Степанов вошел в сопровождении вестового Куприенко.

— Представьте себе, знакомые все места! — здороваясь, сказал Степанов. — Вот в этом самом подвале я держал свой компункт в сорок втором. Жаль, нет Баштового! Он оборонял район повыше, за Соленым озером. Возвращаемся к старым местам…

Степанов быстро ознакомился с обстановкой, утвердил мероприятия командования батальоном, «прощупал» Курилова как начальника штаба, а затем дружески разговорился.

— Помните, я рассказывал, Николай Александрович, про туапсинское наше стоянье. Здесь не лучше будет, уверяю вас.

— Почему же? — спросил Батраков.

— Как — почему? Там хотя позади что-то было, площадь какая-то. А здесь отросток, а позади пролив шириной с Ла-Манш. Тут, братцы мои, назад действительно ни шагу. Море…

Скрывая внутреннюю тревогу, Степанов просидел на КП часа два, а потом обошел позиции батальона у болота и долго смотрел в сторону мыса, где сидел насторожившийся враг.

— Воспоминания, Букреев! Ведь там та самая переправа, где мы поскандалили с Баштовым. — Степанов снизил голос до шепота, и в голосе его послышались грустные нотки. — Как будто вернулся к родным местам. Здесь мы горя хлебнули — долго помнить будем. Долго! Не знаю, куда нас дальше кобылка повезет, а вот сюда довезла. Вину искупим, как говорится… А пока пойдемте-ка вздремнем, а то утром долго спать не дадут. Не у тещи на именинах…

Глава тридцать вторая

День второй начинался в мутном, огненном рассвете. Подожженные снарядами, горели дома поселка. Освеженный сном, Букреев обходил боевые участки. На берегу в пене прибоя возились матросы, вытаскивая из воды крупнокалиберные пулеметы с погибшего катера. Валы зыби поднимались и иногда накрывали людей с головой; они отряхивались и снова продолжали тащить пулемет. Заметив комбата, моряки заработали еще веселей. В одном из них Букреев узнал старшину первой статьи Жатько, служившего вместе с Таней в 144-м батальоне.

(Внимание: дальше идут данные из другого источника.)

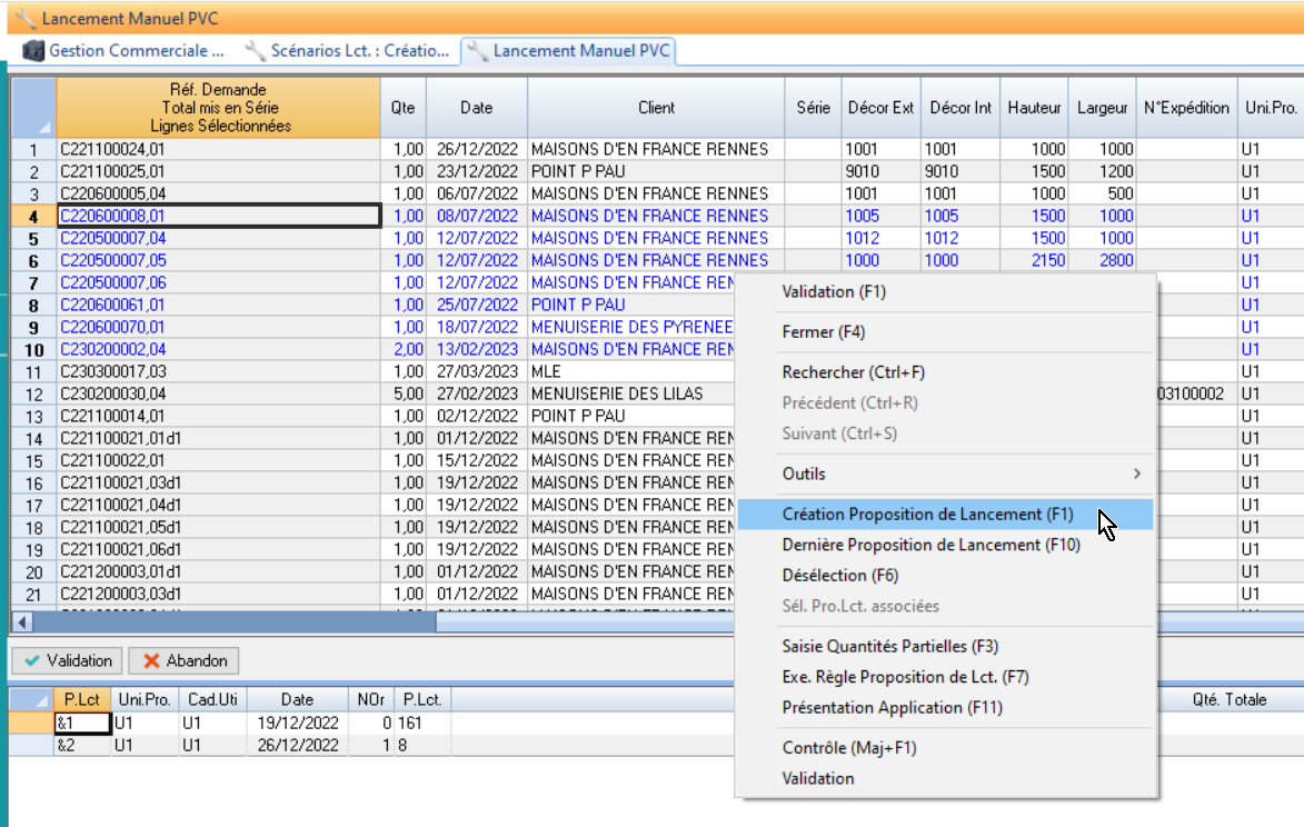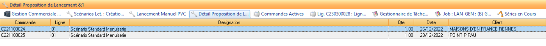➡️ Les demandes de fabrication liées à la proposition de lancement sont sélectionnées en bleu !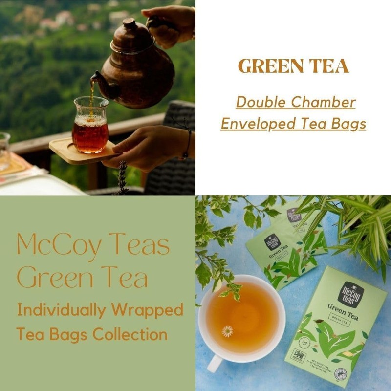 McCoy Teas Green Tea Bags Individually Wrapped Collection with Premium Tea from Sri Lanka, 20 Enveloped Double Chamber (Pack of 01)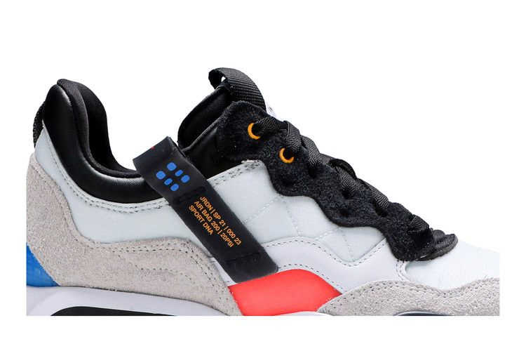 Jordan MA2 'Ultramarine' выполнены в нейтральной палитре с контрастными вкраплениями голубого и розового - сочетание цветов, напоминающее о классической цветовой схеме Nike. Силуэт выполнен из дышащего белого текстиля, усиленного тональными замшевыми накладками и подкладкой из черной кожи вокруг воротника. Микробрендинг, многочисленные ремешки и необработанные края из пеноматериала подчеркивают утилитарную эстетику кроссовок. Материал позаимствован у Jordan Max 200, а под пяткой видна амортизация Max Air.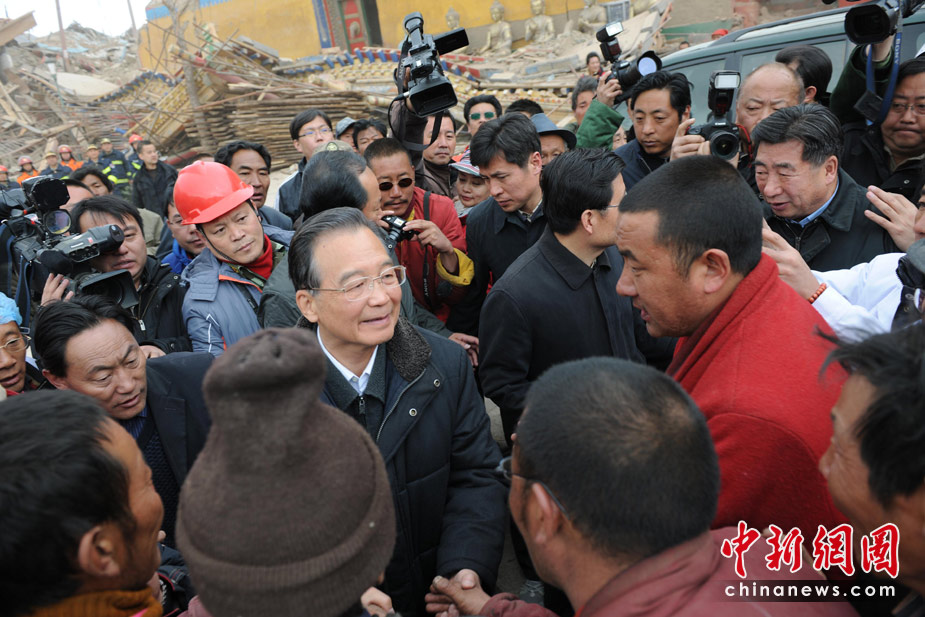 4月16日上午,中國(guó)國(guó)務(wù)院總理溫家寶來到距離玉樹縣城約10公里的禪古寺,看望受災(zāi)僧侶和民眾。溫家寶表示,只要有一線希望,就將盡最大努力救援,他還慰問了正在現(xiàn)場(chǎng)實(shí)施挖掘救援的工作人員。中新社發(fā) 符永康 攝

Старшина Жатько особенно отличился в известном бою под станицей Широчанской, когда матросы буквально срезали из таких вот крупнокалиберных пулеметов атаковавшую их румынскую кавалерию. Отступая с боями до Ахтарей, Жатько на шаланде добрался к Темрюку. Шаланды, как рассказывала Таня, потопила авиация, и пришлось выплывать. Была ли Таня на шаланде? Вероятно, была, хотя, как ему помнится, о себе она умолчала. Но в обороне вместе с батальоном у совхоза «Красный Октябрь», у станиц Курчанской и Варениковской Таня была.

Жатько тащил пулемет, ухватившись за стояки и напрягаясь так, что на шее вздулись синие жилы. Под темной кожей его обнаженного тела напряглись крутые мускулы, мокрый чуб упал на лоб.

Ему помогали Воронков, Павленко и еще двое из второй роты. Пулемет уже волна не догоняла, и оставленную на песке борозду затягивало на глазах. Сильные тела моряков дымились на холодном утреннем воздухе.

Сильные тела моряков дымились на холодном утреннем воздухе.

Качались обломки тонких мачт на катерах, и волны лизали боевые рубки. Два мотобота, побитые осколками и наполненные водой, лежали на берегу возле камней. Солнце поднималось над таманскими высотами. Далеко по морскому горизонту, за острием плоской Тузлы, ввинчивался в небо буравчик дыма. Транспорт ли шел? Или, может быть, пожар? Если проложить линию от этого дымка, пожалуй, попадешь в Геленджик. Что там? Кто сейчас живет в их казармах? Казалось, очень давно они ушли из Геленджика.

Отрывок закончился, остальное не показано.